UPR Signaling in Hepatitis C
Some viruses can selectively activate or suppress one or more of the UPR tripartite pathways to facilitate their own replication (Isler et al., 2005; Smith et al., 2006; Yu et al., 2006; Jheng et al., 2010; Ambrose and Mackenzie, 2011; Pena and Harris, 2011; Burnett et al., 2012; Galindo et al., 2012; Qian et al., 2012; Rathore et al., 2013; Stahl et al., 2013). It is apparent that HCV infection activates all three proximal sensors (Ke and Chen, 2011; Merquiol et al., 2011). Infection of the hepatocyte sub-line Huh7.5.1 with JFH1 (2a) induced an acute ER stress peaking at 2–5 days post-infection (dpi), concomitant with phosphorylation of IRE1, eIF2α, and JNK, XBP1 splicing, ATF6 cleavage and upregulation of GADD34, ERdj4, P58IPK, ATF3, ATF4, and CHOP (Merquiol et al., 2011).
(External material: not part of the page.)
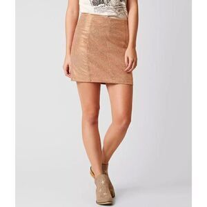 Free People New Modern Femme Metallic Rose Gold Faux Suede Mini Skirt, Size 0

It then subsided into a chronic and milder ER stress response persisting up to 14 dpi, with elevated mRNA levels of CHOP, ATF3, sXBP1, and P58IPK and increased level of phospho-eIF2α. ER stress response is not restricted to the sub-line Huh7.5.1, as infection of the parental lines Huh7 or Huh7.5 with JFH1 (2a) also induced ER stress (Ke and Chen, 2011). Infection of Huh7 with JFH1 provoked an acute ER stress response concomitant with ATF6 cleavage, XBP1 splicing and PERK phosphorylation at 6–9 dpi followed by a chronic and milder ER stress with a diminished CHOP level at 15–22 dpi. Similarly, infection of Huh7.5 with JFH1 (2a) has been shown to transactivate the Bip, CHOP, and ATF6 promoters (Von Dem Bussche et al., 2010).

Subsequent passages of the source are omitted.